Sodium laureth sulfate is a cleansing chemical that makes products bubble and foam, commonly found in shampoos, soaps, facial cleansers and body gel. The International Agency for Research on Cancer has classified this chemical as a possible carcinogen.Many have become so accustomed to this foaming action, that they feel as though they aren’t “clean” without it. But, inversely, there is evidence that sulfates can actually cause rashes, irritating our skin, eyes and even our scalp.

green tea skin care

These Powerful and Natural Ingredients Should Be Apart of your Skin Care Routine!

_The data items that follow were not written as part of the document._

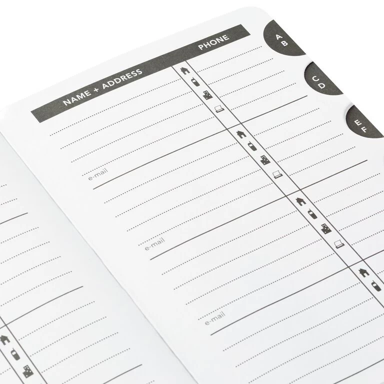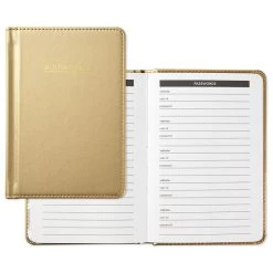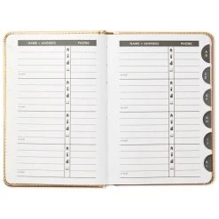Stay organized in chic style with this hardback matte gold address book. It holds 4 lines of information per contact, including an email address and multiple phone numbers. Twelve alphabetical tabs along the side make it easy to find info, plus spots in back hold emergency contacts, frequently called numbers, passwords, birthdays and anniversaries.
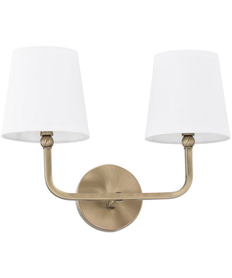 The Dawson 2-Light Vanity in Aged Brass is the epitome of timeless elegance and sophisticated design. This exquisite vanity light features a classic aged brass finish that exudes a warm, inviting glow. The soft, visual texture of the aged brass adds a touch of vintage charm while maintaining a contemporary appeal. The decorative fabric shades are meticulously crafted to guide the flow of light, creating a harmonious balance between functionality and aesthetics.
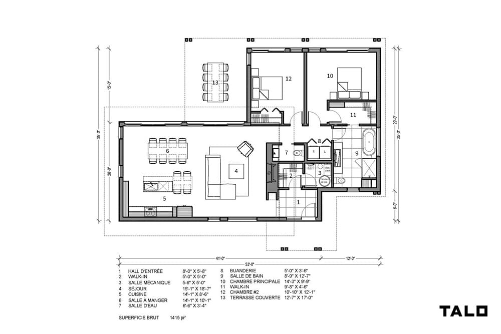 Its layout, designed to maximize shared living areas, provides a thoughtful separation to ensure bedroom privacy. the main living space extends lengthwise and flows outdoors onto a partially covered terrace.
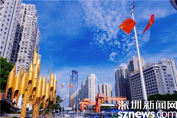 讀特客戶端·深圳新聞網(wǎng)2022年10月1日訊(記者 劉嘉敏)國慶假期第一天,行走在羅湖區(qū)的大街小巷,處處洋溢著喜慶的濃厚氛圍。一面面鮮紅的國旗懸掛在城區(qū)主次干道,在藍天白云的襯托下,鮮艷的“中國紅”迎風飄揚,成為城區(qū)一道最靚麗的風景線。深圳新聞網(wǎng)記者帶著鏡頭走進羅湖,將這一幕幕迎風飄揚的“紅色”定格。
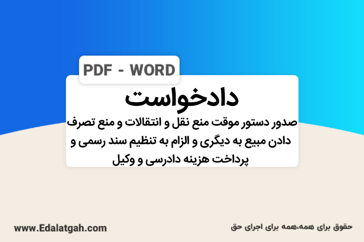 دادخواست صدور دستور موقت منع نقل و انتقالات و منع تصرف دادن مبیع به دیگری
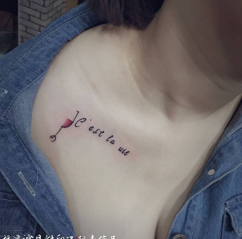 醉酒纹身图片_成品胸部清新字符纹身图案
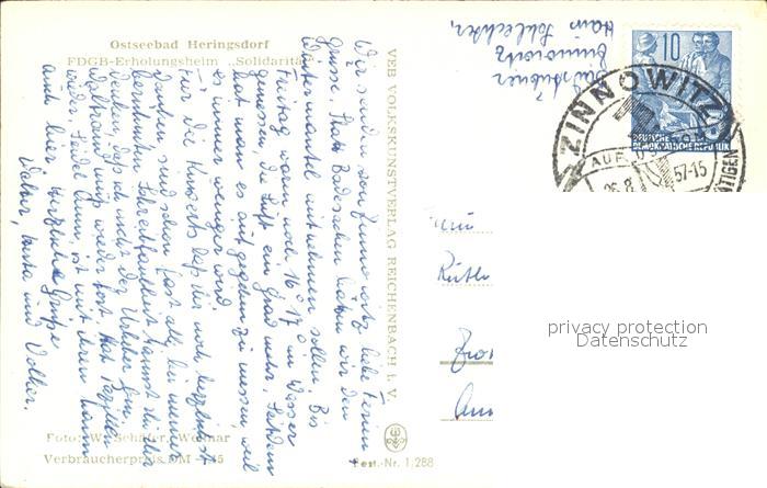 72113510 alte Postkarte Heringsdorf Ostseebad Usedom FDGB Erholungsheim Solidaritaet postalisch gelaufen Erhaltung siehe scans KatCode: 11110013059112
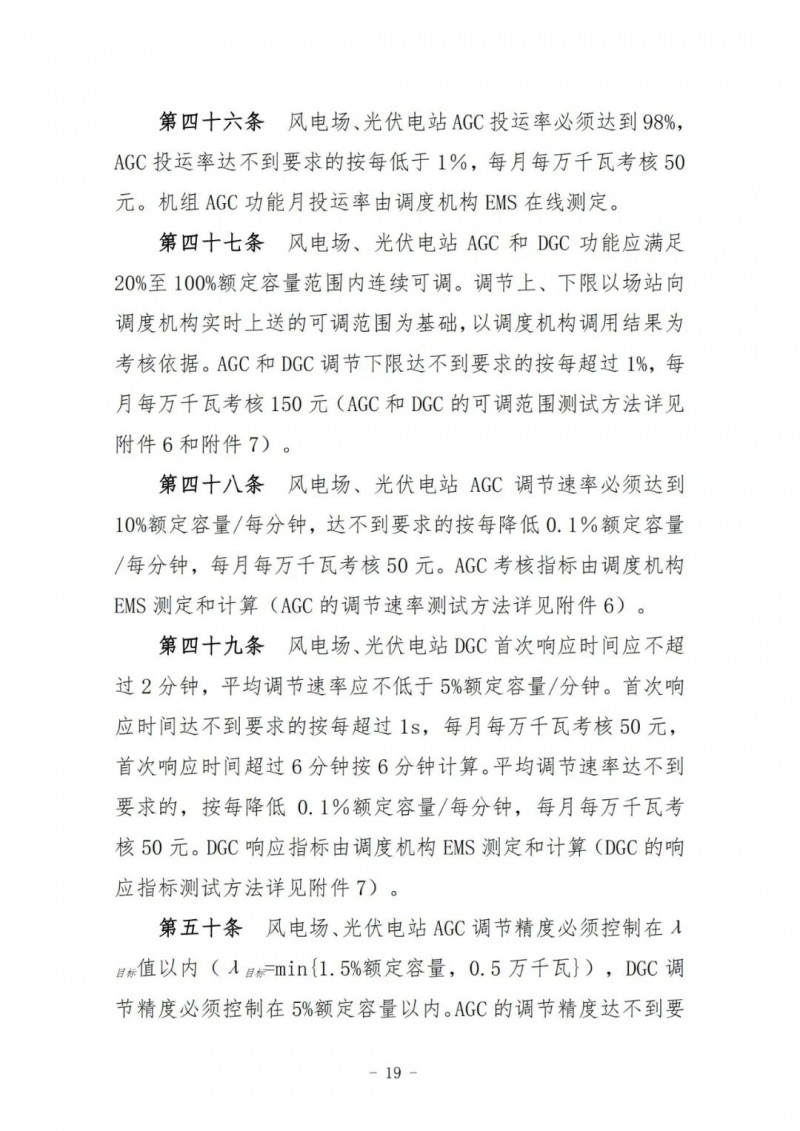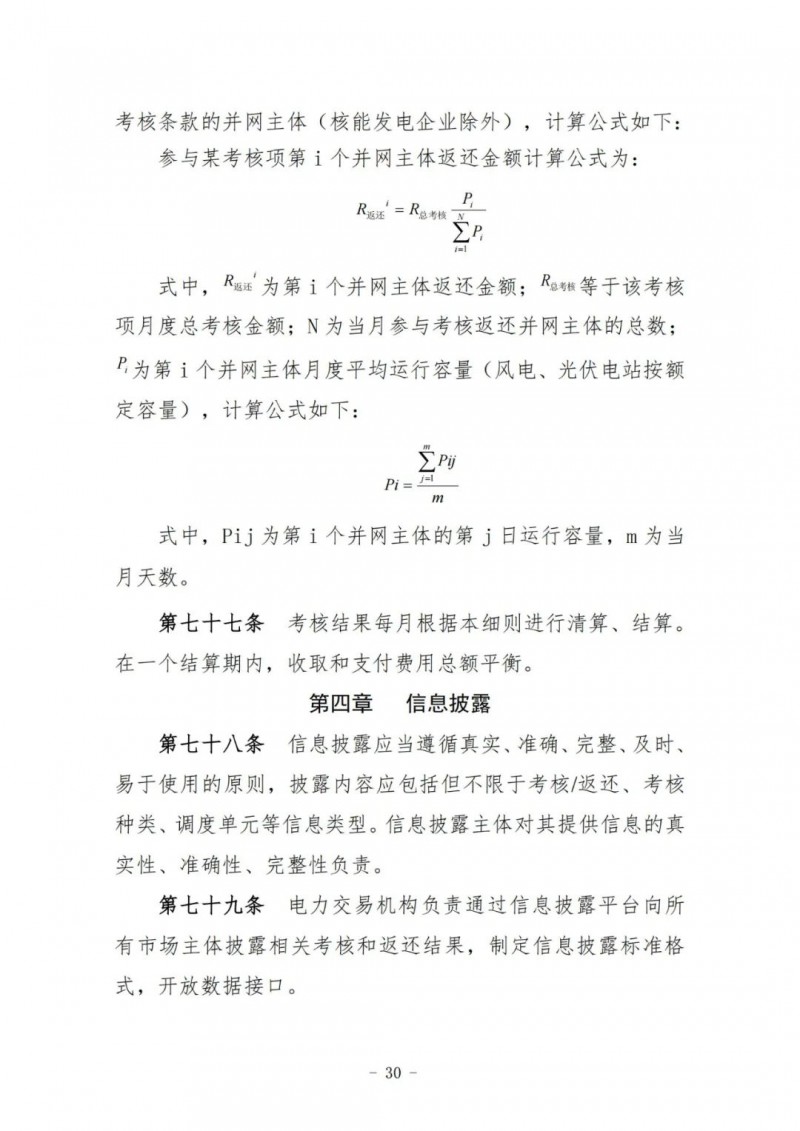 風(fēng)電場、光伏電站執(zhí)行并網(wǎng)主體運行管理考核及風(fēng)電場、光伏電站運行考核,其考核費用返還按當(dāng)月所有風(fēng)電場、光伏電站額定容量(含配套儲能)比例分別計算分配。

Vitamin C is commonly referred to as a powerful anti-aging antioxidant. It protects our skin against oxidative stress and damage from the sun. It also increases the moisture content in the outer layer of our skin, which provides more hydration, and ultimately more firmness. Vitamin C stimulates collagen synthesis, which is the main protein and structure of our skin. This should be the ingredient of choice for those who want to combat fine lines, wrinkles, sagging skin, and hyperpigmentation.

Vitamin A is also known as an anti-aging antioxidant. Numerous studies have shown vitamin A to aid in the improvement of overall appearence, roughness, pigmentation, fine and coarse wrinkles and complexion. It also has an effect on collagen synthesis, and increases circulation in the skin layers.

Aloe Vera gel is extracted from the aloe vera plant and is commonly known as a multitasker for our skin. Aloe vera is great for providing moisture, healing burns, soothing and calming inflammation (namely skin rashes and eczema), and also is known to be protective against radiation damage to the skin.

Shea Butter comes from the nut of the African shea tree. It is mainly used in creams and lotions. Studies have proven that shea butter has hydrating properties, as well as the ability to soften scars.And it also contains properties that may repair and heal atopic dermatitis.

Mango Butter is extracted from the stone of the fruit and is typically added to balms, creams or lotions. It has natural antiseptic properties and also restores skin elasticity.And it smells great, too!

Since we are undoubtedly and unintentionally exposing ourselves internally to a variety of toxins and chemicals, it is important to pay attention to the ingredients listed on products. Rule of thumb: if you can’t pronounce it, then it probably isn’t good for you! The great news is that there are alternatives on the market, including cosmeceuticals and hair care products that are not only safe, but also very effective. Speak to a nutritionist, dermatologist or naturopathic doctor today and make the switch to natural personal care products to further protect your skin’s health and overall well-being.